"Death of Wahlitits"

  24" x 36" Oil on Canvas

In mid-August of 1877 the Nez Perce, led by a War Chief named Looking Glass, encamped in Montana on a spot by the Big Hole River.  They thought that because they has crossed the Bitterroot Mountains and had entered Montana that their quarrel with Idaho Territory and the US Government was behind them.
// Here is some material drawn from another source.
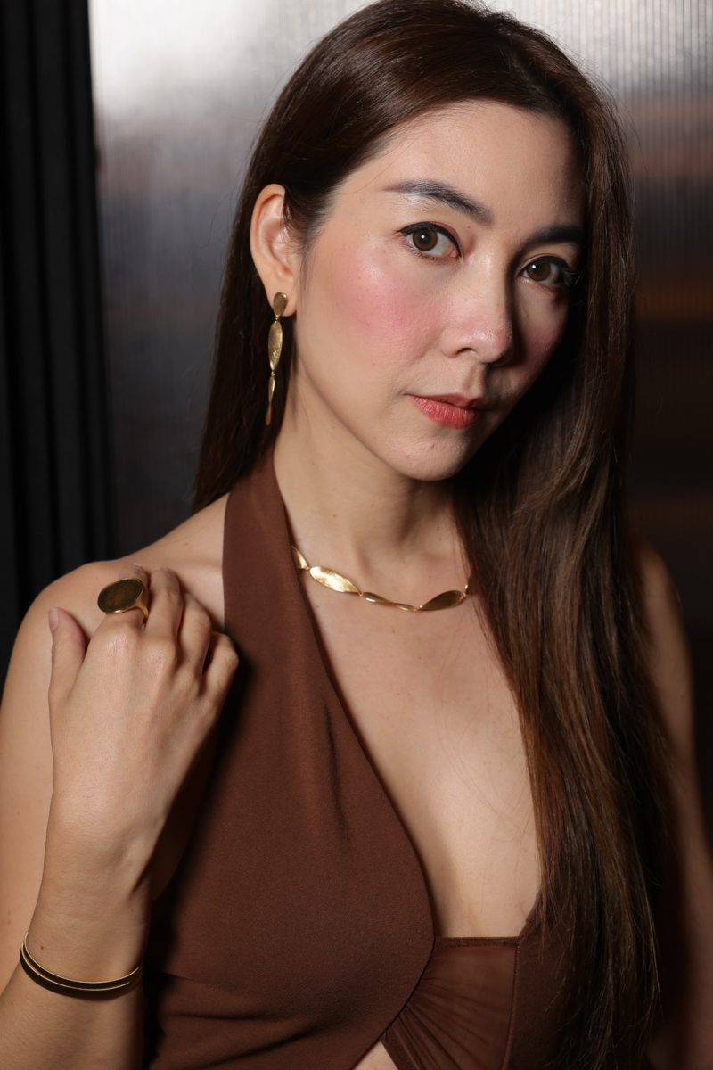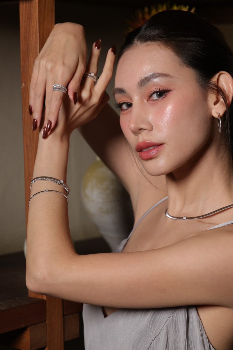 ที่จะเลือก กำไล ต่างหู และแหวน สี Yellow Gold จากคอลเลกชัน Lunaria มาคอมพลีทลุคสุดปัง ปิดท้ายด้วยสาวสายแฟอย่าง ดาว-พิมพ์ทอง มาในแมกซี่เดรสยาว โทนเทาอ่อน เพิ่มลูกเล่นด้วยจิวเวลรี่ครบเซ็ต ไม่ว่าจะเป็น สร้อยคอ กำไล

It was to be a costly error in judgment.  

Early the next morning, just as the coming daylight vaguely lit the eastern horizon and most of the camp was asleep, the US Army under Colonel John Gibbon, aided by civilian volunteers out of Missoula and surrounding areas, attacked the village.  An old man who was riding  across the river to check on some horses was the first causality.

 

Wahlitits was one of the young warriors who had precipitated the hostilities in Idaho by being party to the murder of a man whom they believed had routinely cheated the Nez Perce.  At the first sounds of gunfire, Wahlitits grabbed his carbine and ran toward the attacking soldiers.  He sought modest shelter behind a small log and began firing at the soldiers.  But he was soon mortally wounded by a bullet through his throat.  His wife, also wounded and following behind, grabbed up his weapon and killed the soldier who had shot her husband. 

 

She was then immediately shot and killed, falling across the body of Wahlitits.  Somehow, during the next two days, the Nez Perce rallied from the attack and mounted a counter-attack, driving the soldiers into the woods of the nearby hillside.  By holding them pinned down on the slope with sharpshooting snipers the ill-equipped warriors bought enough time for the people to pack up and escape to the South.

 

This painting hangs in the visitors center of the Big Hole National Battlefield.